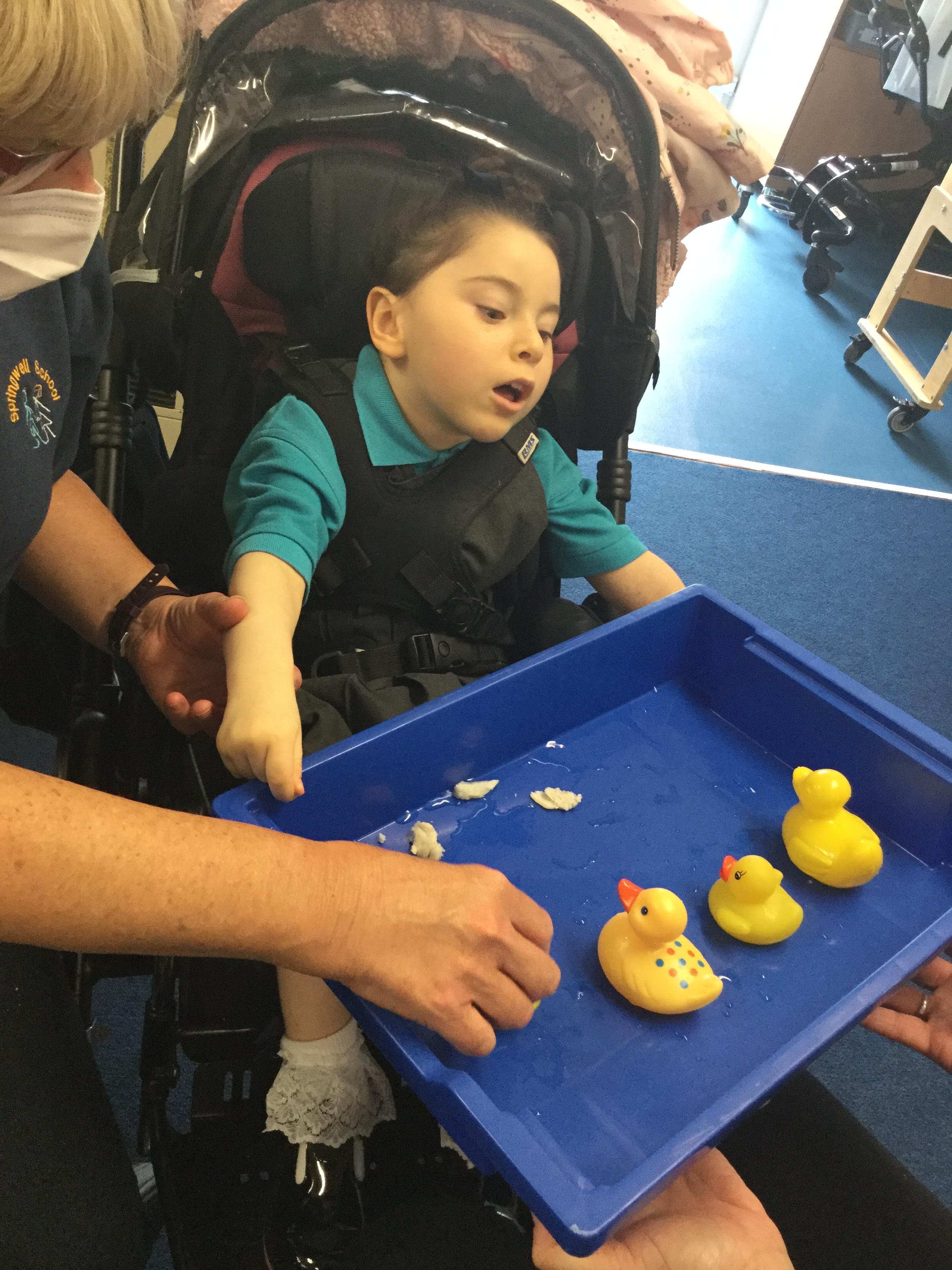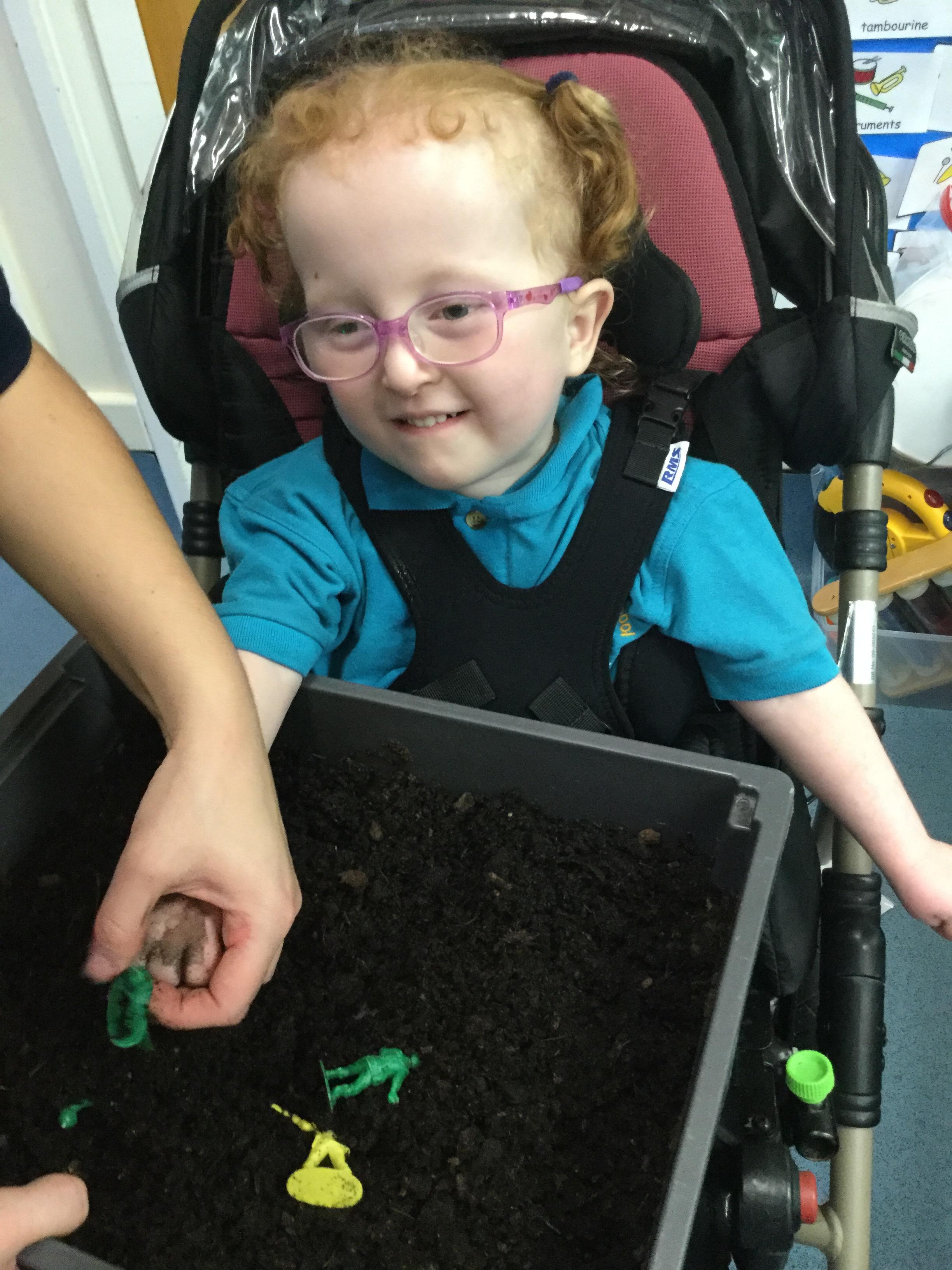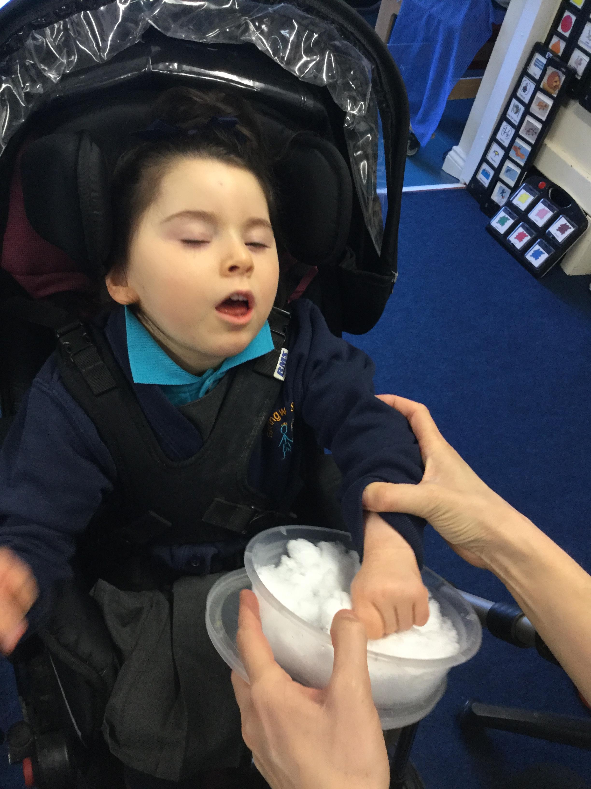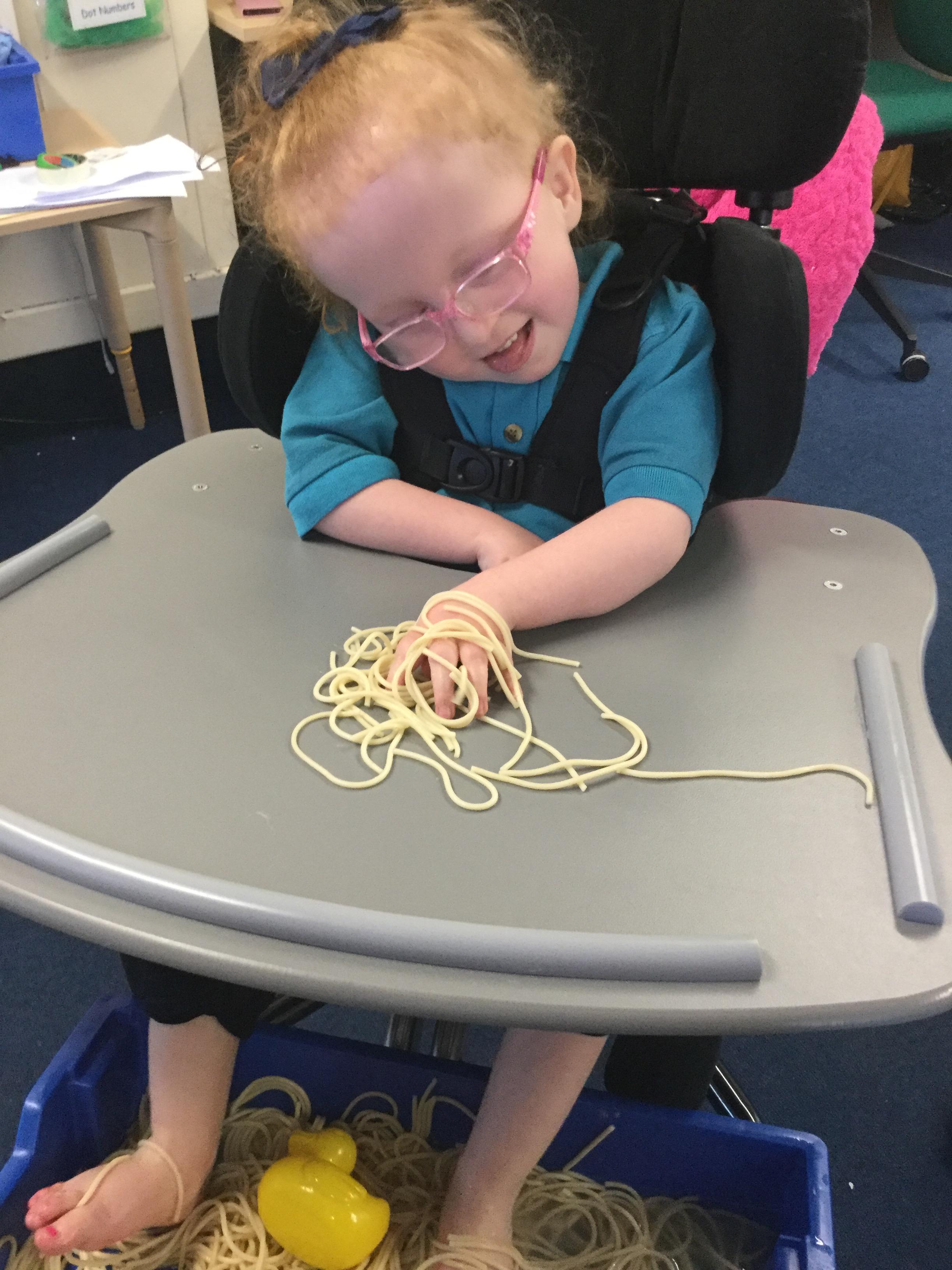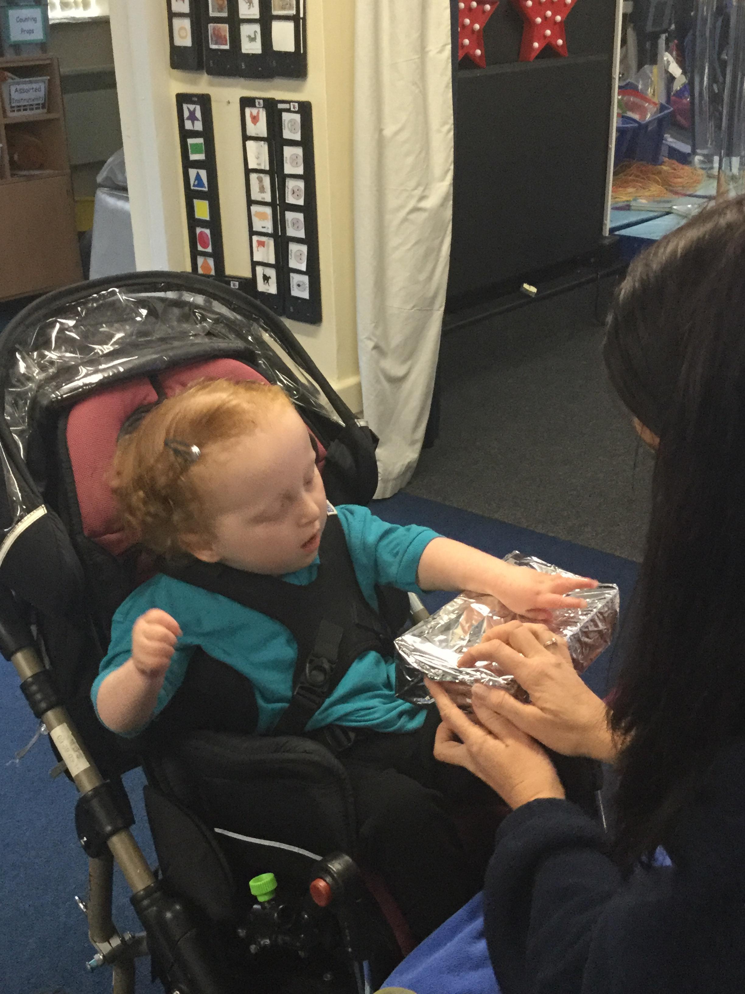 Sparkle curriculum is predominantly made up of sensory themed learning and therapeutic activities. More time will be spent on more beneficial, holistic and individualised activities e.g. positioning in specialised equipment, visual stimulation, hand and finger work (exploration – sensory play), therapies (hydrotherapy, rebound therapy etc), movement, relaxation, Tac Pac, story massage etc.
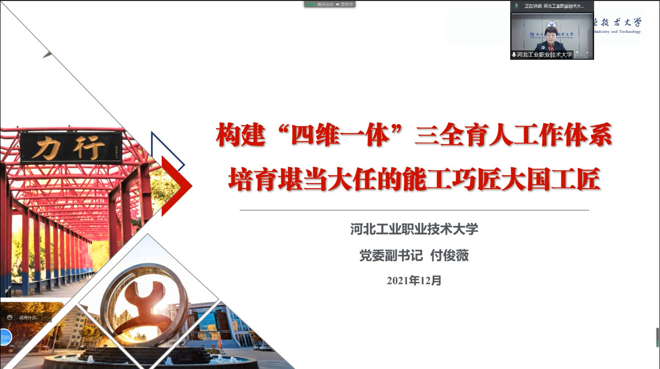 米兰在线(中国)唯一官方网站党委副书记付俊薇以“构建‘四维一体’三全育人工作体系,培育堪当大任的能工巧匠大国工匠”为题,从建设校企共同育人体系、多元实施育人工程、建立全方位育人基地、构建全员评价考核体系四个方面发言交流。她指出学校认真贯彻落实习近平总书记对教育工作的重要指示,紧紧围绕立德树人根本任务,以育人队伍-育人工程-育人基地-育人评价为突破口,积极构建“四维一体”三全育人工作体系,全力推动了思想政治工作质量提升。
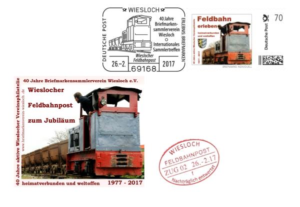 Wieslocher Feldbahnpost zum Jubiläum 1977 - 2017 - 40 Jahre Wieslocher Vereinsphilatelie - heimatverbunden und weltoffen. Zu keiner Zeit hat es in Deutschland eine Feldbahnpost gegeben - bis jetzt. Der Briefmarkensammlerverein Wiesloch wird das zu seinem 40-jährigen Bestehen nun ändern. In Zusammenarbeit mit dem Feldbahn- und Industriemuseum Wiesloch schicken die Sammlerfreunde am 26. Februar 2017 Briefe auf die Reise. Anlass ist das 39. Internationale Kurpfälzer Sammlertreffen. Immerhin fast zwei Kilometer lang ist die Strecke, die mit der historischen Feldbahn zurückgelegt wird. Eine längere Fahrstrecke ist auch schon in der Planung.

> [TRY IT]
Only the lines from the first line of the data above through the line with "米兰在线(中国)唯一官方网站" should appear in the answer, retyped exactly, with every picture left out.

> [ANSWER BELOW]
 Sparkle curriculum is predominantly made up of sensory themed learning and therapeutic activities. More time will be spent on more beneficial, holistic and individualised activities e.g. positioning in specialised equipment, visual stimulation, hand and finger work (exploration – sensory play), therapies (hydrotherapy, rebound therapy etc), movement, relaxation, Tac Pac, story massage etc.
 米兰在线(中国)唯一官方网站党委副书记付俊薇以“构建‘四维一体’三全育人工作体系,培育堪当大任的能工巧匠大国工匠”为题,从建设校企共同育人体系、多元实施育人工程、建立全方位育人基地、构建全员评价考核体系四个方面发言交流。她指出学校认真贯彻落实习近平总书记对教育工作的重要指示,紧紧围绕立德树人根本任务,以育人队伍-育人工程-育人基地-育人评价为突破口,积极构建“四维一体”三全育人工作体系,全力推动了思想政治工作质量提升。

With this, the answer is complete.